15 de fevereiro de 2008
Depois de alguns impasses em sua filmografia representados por filmes mais digeríveis nas bilheterias como O amor custa caro (2003), um melodrama de suspense elegante vivido pelos rostos amáveis de George Clooney e Catherine Zeta-Jones, e Matadores de velhinhas (2004), uma anedota simplória interpretada com virtuosismo por Tom Hanks, os irmãos cineastas norte-americanos Joel e Ethan Coen voltam à forma de um cinema cru e sem concessões em Onde os fracos não têm vez (No country for old men; 2007). Uma linguagem cinematográfica inóspita e cerebralmente brutal dá a dimensão ousada da narrativa dos Coen; com um roteiro preciso e celeremente marcado extraído do romance do norte-americano Cormack McCarthy, os realizadores constroem o que se poderia chamar um neofaroeste-limite, pós-moderno, retirado das tradições mas sem o chão destas tradições, identificamos os elementos do gênero (os cenários desolados, os grandes planos abertos, o xerife, um inusitado mocinho, um malvado para além de tudo) mas não procedemos às ligações entre estes elementos. É como se os Coen bebessem na água de Tragam-me a cabeça de Alfredo Garcia (1974), mas contaminassem esta água para que ela não pudesse espelhar nada. Um pouco da estranheza de Onde os fracos não têm vez nasce do mesmo sentimento rural de Peckinpah: os limites geográficos duma produção de cinema entre o Texas e o México, onde os anglo-saxões topam com a latinidade, espelhada na música que alguns cantadores mexicanos entoam diante do ator Josh Brolin cuja personagem, ferida, acaba de acordar atirado numa praça esquisita pós-fronteira.

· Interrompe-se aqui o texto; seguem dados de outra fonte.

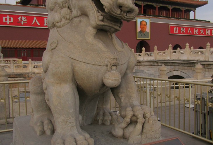 Выйдя из метро нас встретили огромнейшие ворота Небесного Спокойствия, которые являются центральным входом в Запретный город с портретом Мао Цзэдуна. Слева и справа от входов в город расположены знамениты каменные львы, которые охраняют императорский путь, около них стоят мраморные колонный Хуабяо (Huabiao) на них вырезаны узоры драконов.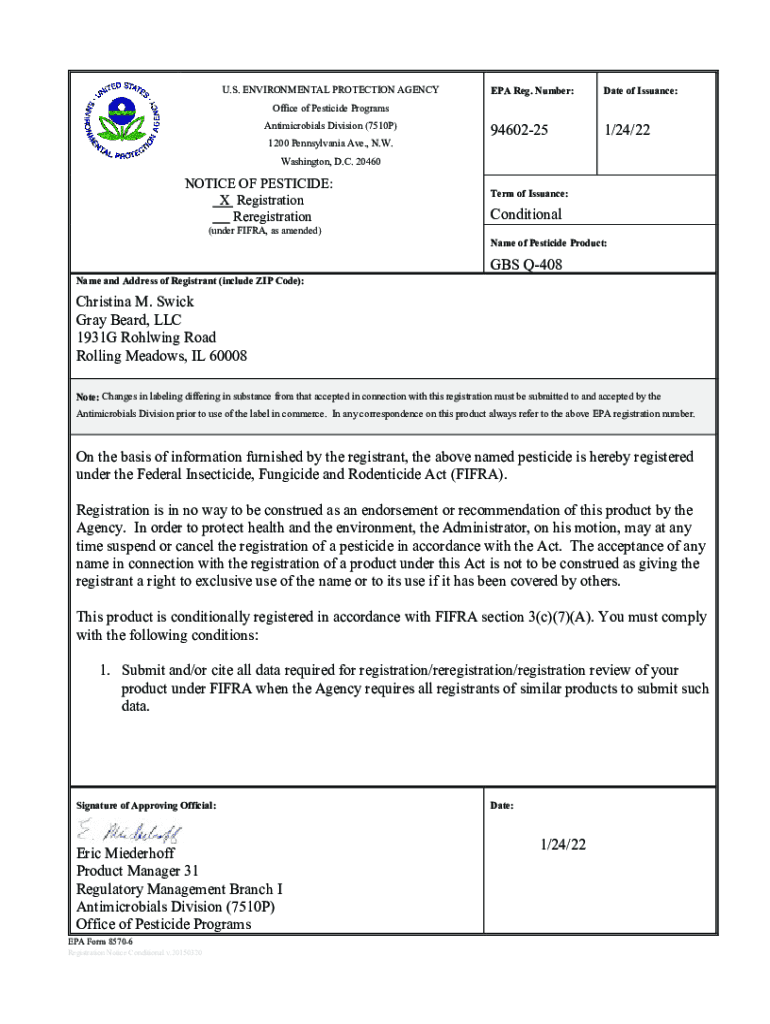 Get the free US EPA, Pesticide Product Label, GBS Q-408,01/24/2022. Pesticide Product Label, GBS ...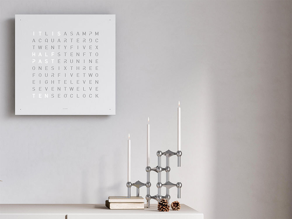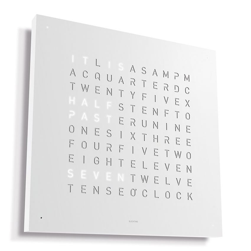 Nástěnné hodiny, které lze umístit i na stojánek Qlocktwo Earth 45 White Pepper. Exkluzivní, prestižní design, originální nápad na prezentaci aktuální doby, který si zamilujete na první pohled. Už žádné tradiční tipy. Qlocktwo je německý výrobce s úplně jiným pohledem na čas. Qlocktwo zobrazuje čas typograficky v kombinaci se čtyřmi rohovými osvětlenými tečkami symbolizujícími jednotlivé minuty. Slova na číselníku se mění každých 5 minut. Senzory automaticky přizpůsobují světlo vnějším světelným podmínkám, takže můžete snadno odečítat čas v noci nebo když je uvnitř silné sluneční světlo. Jas lze také nastavit ručně.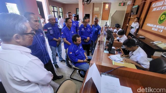 Ketua DPC Demokrat Mohamad Muraz mengatakan, kedatangan mereka ke PN Kota Sukabumi untuk meminta perlindungan hukum atas langkah Kepala Staf Presiden (KSP) Moeldoko mengajukan peninjauan kembali (PK) terhadap vonis kasasi Moeldoko VS Menkumham terkait AD/ART Partai Demokrat (PD) Agus Harimurti Yudhoyono (AHY).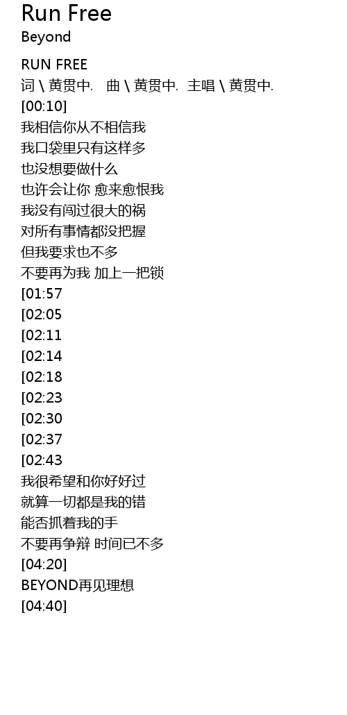 | [04:30] | BEYOND zài jiàn lǐ xiǎng |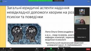 Кандидат медичних наук, асистент кафедри Ольга Олександрівна Люта розповіла учасникам про правові аспекти у психіатрії та особливості надання домедичної допомоги. Ольга Олександрівна представила учасникам методи надання допомоги людям з різними психічними порушеннями, відповідно до актуальних Міжнародних клінічних протоколів.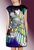 Рокля с авторски принт . Материал предна част - принт полиестер, неразтеглив, немачкаем/ плътност - като тънък деним/. Гръб - разтеглива

Sempre se fez uma oposição rudimentar entre o cinema de ação (o policial, o faroeste) e uma narrativa lenta, pensada; entre um Francis Ford Coppola e um Michelangelo Antonioni. Onde os fracos não têm vez interfere nesta marcação arbitrária. Charles Bronson zombou certa vez do cineasta Ingmar Bergman porque este lhe disse que não sabia filmar tiros. Não zombaria dos Coen: o matador vivido pelo espanhol Javier Bardem em esquisita caracterização (seu cabelo é um verdadeiro cenário maquiando sua passagem pelo filme) e o homem que ele persegue, na pele de Josh Brolin, atiram para valer e os Coen sabem como filmar seus tiros. Um filme de ação este intoxicado faroeste adiante de tudo? Tem ação, é certo; mas aos poucos vemos que estas ações se esvaziam, porque é como se não acontecesse nada e os planos lentos fossem acompanhando os gestos quase gratuitos das personagens; estamos à distância do clima mais fácil e anedotário de Matadores de velhinhas, onde o humor dissolve a perversidade da criatura de Tom Hanks; em Onde os fracos não têm vez o humor (extremamente perverso) exaspera a crua malvadeza do matador de Bardem. Há uma exasperação de filmar que nenhum filme de ação poderia ter; mesmo sanguinário e mau, o novo trabalho dos Coen vai extirpando a paciência do espectador hollywoodiano. Os diálogos, especialmente os do matador com suas vítimas, são elípticos, perturbadores; assim como elípticas são certas seqüências, como a do encontro do matador com a jovem esposa de seu perseguido; teria o maior dos facínoras matado ou poupado a doce e ingênua personagem? São elipses que desmancham inapelavelmente o bem-estar do observador tradicional dentro deste filme.
Talvez seja este o mais virulento e desorientador filme dos Coen. O público não tem muito a que se agarrar; instabiliza-se, muitos não vão suportar bem o filme. A tensão plástica da fotografia de Onde os fracos não têm vez criam sua atmosfera única. Interpretado com afinadas tabelinhas por todo o elenco, o filme traz de lambuja a sempre serena presença cênica de Tommy Lee Jones como o xerife que vai interceptando os cenários antes preenchidos sangrentamente pelo perseguidor e pelo perseguido. É uma fala de Lee Jones que vai fechar abruptamente o filme, como ocorria nas películas de antigamente, de fim abrupto; e sua personagem está contando à outra um sonho esquisito em que está com seu pai mas o pai é vinte anos mais moço que o filho.